Похититель теней - Марк Леви
Шрифт:
Интервал:
Закладка:
Я поблагодарил хозяйку, нашел месье Мортона и сел перед ним.
— Добрый день, молодой человек, чем могу быть вам полезен?
— Вы меня не помните? Я приезжал сюда недавно, с девушкой и моим лучшим другом.
— Не припоминаю. Когда, вы говорите, приезжали?
— Три недели назад. Люк испек вам оладьи на завтрак, они всем очень понравились.
— Я люблю оладьи, вообще сладкое люблю. А вы кто?
— Помните, я запускал на пляже воздушного змея, вы сказали, что у меня неплохо получается.
— Воздушные змеи… я продавал их когда-то, знаете ли. Был у меня магазинчик на пляже. Я еще много чего продавал: надувные круги, удочки… рыбы здесь нет, но их все равно покупали. И кремы для загара тоже… Курортников я на своем веку перевидал всех мастей… Добрый день, молодой человек, чем могу быть вам полезен?
— Когда я был маленьким, я однажды провел здесь десять дней. Со мной играла девочка, я знаю, что она приезжала сюда каждое лето, это была девочка не такая, как все… глухонемая.
— Еще я продавал зонтики и открытки, их крали много, открытки-то, я и махнул на них рукой.

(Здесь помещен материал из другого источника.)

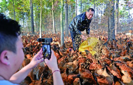 10月29日,邵阳县罗城乡保和村,省政协办公厅驻村帮扶工作队邀请短视频平台,通过拍摄抖音视频的方式帮助农户线上销售“保和鸡”。湖南日报记者 李健 通讯员 罗小军 摄影报道
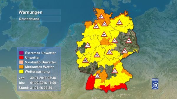 Für den Schwarzwald und den Alpenraum bestehen Unwetterwarnungen:

В конце недели у меня всегда оставались лишние марки. Детишки их таскали… Добрый день, молодой человек, чем могу быть вам полезен?
Я уже отчаялся добиться толку, когда к нам подошла пожилая дама.
— Вы ничего не вытянете из него сегодня, у него плохой день. Вчера-то он мало-мальски соображал. Видите ли, с головой у него не в порядке — то лучше, то хуже. Я знаю, о какой девочке идет речь, у меня-то память прекрасная. Вы говорите о маленькой Клеа, я хорошо ее знала, но, представьте себе, она была вовсе не глухая.
Я изумленно раскрыл рот, а дама продолжала:
— Я бы вам все это рассказала, но я проголодалась, а на пустой желудок и разговор не клеится. Если бы вы пригласили меня выпить чаю в кондитерской, там бы мы и побеседовали. Я пойду возьму пальто, вы не против?
Я помог старой даме надеть пальто и, подлаживаясь под ее шаг, повел в кондитерскую. Усевшись на террасе, она попросила у меня закурить. У меня не было сигарет. Скрестив на груди руки, дама выразительно посмотрела на табачный киоск напротив.
— Светлые сойдут, — напутствовала она меня.
Я вернулся с пачкой сигарет и спичками.
— Через полгода я буду врачом, — сказал я, протягивая их ей. — Если бы мои преподаватели увидели, что я вам даю, досталось бы мне на орехи.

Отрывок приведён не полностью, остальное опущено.